Zhukov phoned Stalin with the bad news. After describing the carnage, he mentioned that Paulus had been forced to transfer some reserves from the outskirts of Stalingrad to contain him.

Stalin was elated. “That’s very good,” he said. “It is of great help to the city.”

When Zhukov cautioned that the Russian success was illusory, the premier dismissed it, saying, “Just continue the attacks. Your job is to divert as many of the enemy forces as possible from Stalingrad.”

With that Stalin hung up.

Adolf Hitler, the other grand chessmaster in the fateful game, paced the fragrant pine woods of Vinnitsa in growing frustration. He could not understand why the goals of Operation Blue had not been met. General Paulus had hit the Volga on August 23, but Stalingrad had not yet fallen. And in the Caucasus, where Army Group A strove for the prized oil fields, something else was going wrong.

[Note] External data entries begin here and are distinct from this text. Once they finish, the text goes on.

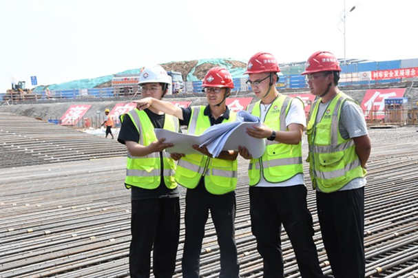 隨時進行施工進度策劃。原計劃夜間澆筑5000立方混凝土,但關注到周末兩天持續高溫,考慮防暑降溫和安全生產要求,他成果斷與相關方溝通交流,協調施工計劃,避開高溫施工,確保施工安全。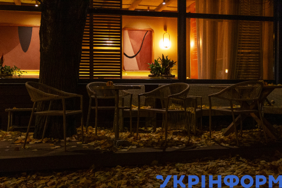 Стільці біля кав’ярні, Київ, 24 жовтня 2025 року. Унаслідок систематичних російських атак на енергетичну інфраструктуру в місті запровадили погодинні графіки відключень світла.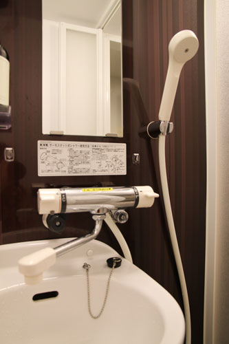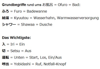 Grundsätzlich gilt die japanische Sitte, daß die Badewanne (Furo) zum Genießen und Entspannen da ist, nicht zum Abwaschen von Dreck und Schweiß, für letzteres gibt es die Dusche (Shawaa) oder einen Wasserhahn (Kyuutou) und einen Eimer und einen Schemel. Eine Dusche nehmen = shawaa o abimasu, ins Bad steigen = ofuro ni hairimasu. Also seift man sich vorher außerhalb der Wanne ein und duscht sich ab (keine Seife ins Badewasser!). Dann geht man sauber in die Badewanne (Furo). Im Hotel oder in der Ferienwohnung ist das völlig egal, aber in Privatwohnungen und Privatunterkünften wird das gleiche Wasser für mehrere Personen zum Baden benutzt. Deshalb geht man sauber rein und läßt das Wasser nach dem Baden auch nicht ab: Stop dem Reflex, Stöpsel NICHT ziehen!
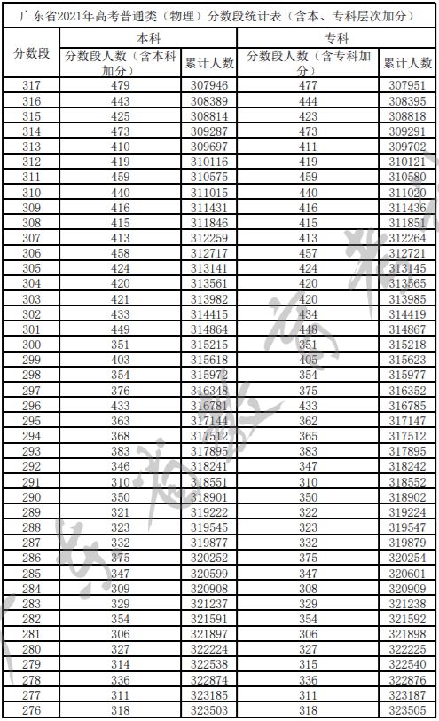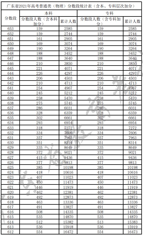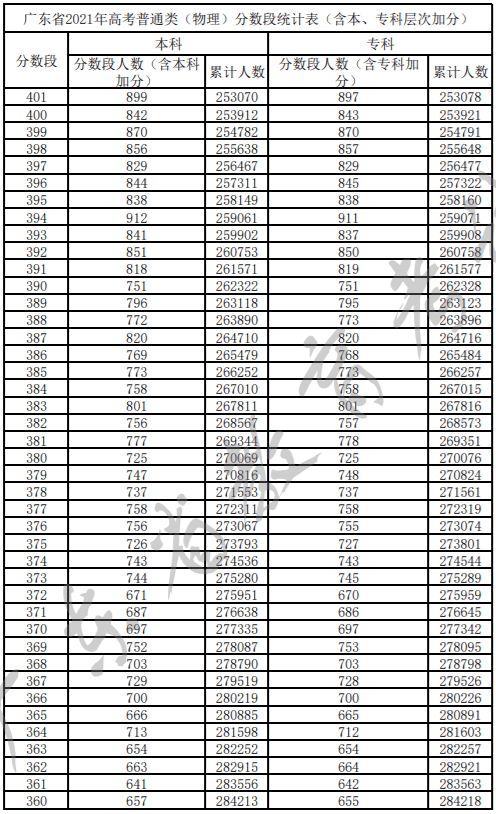 广东省2021年高考普通类(物理)分数段统计表(含本、专科层次加分)

Ever since the Germans had turned the corner at Rostov on July 23, and burst into the land mass between the Black Sea and the Caspian, the Russians had played a skillful game of will-o’- the-wisp, drawing the Nazis further and further from their supply bases. The German grenadiers of the First Panzer and Seventeenth Armies crossed parched desert, fields of six-foot-high sunflowers, and, on August 9, finally came to the foothills of the Caucasus Mountains where they captured the oil center of Maikop, only to find it burned to the ground by retreating Russians. Hitler then urged his commanders on toward Grozny, Batum, and Baku. Along the way, they acquired new allies: Moslems, Circassians, natives who rejected Communist rule. Still the Germans never trapped a large body of the Red Army. By September, with supply lines sluggish, their march toward the chief oil centers slowed. When Army Group A’s commander,. Marshal List, recommended regrouping, Hitler went into a tirade and threatened to fire him.

In the daily staff meetings with his “conscience,” the stubborn Gen. Franz Halder, Hitler bridled under repeated warnings about weak flanks and poor communications both at Stalingrad and in the Caucasus. He began to think about replacing Halder, too.

The situation deteriorated further on September 7, when Gen. Albert Jodi returned from a hurried trip to the Caucasus headquarters and heartily endorsed List’s idea of ending all attacks until Army Group A was resupplied with men and materiel. Hitler exploded at this defection by a trusted aide. He screamed at Jodl, who also lost his temper and shouted back stinging reminders of Hitler’s various directives that had brought the operation to its present sorry state.

His face blotched and his eyes feverish, the Fuhrer stormed out of the meeting. From that moment on, the breach between him and the Wehrmacht generals widened irreparably. Until the end of the war, whenever he stayed at the OKW, Hitler took almost all his meals alone, except for the companionship of his dog, Blondi.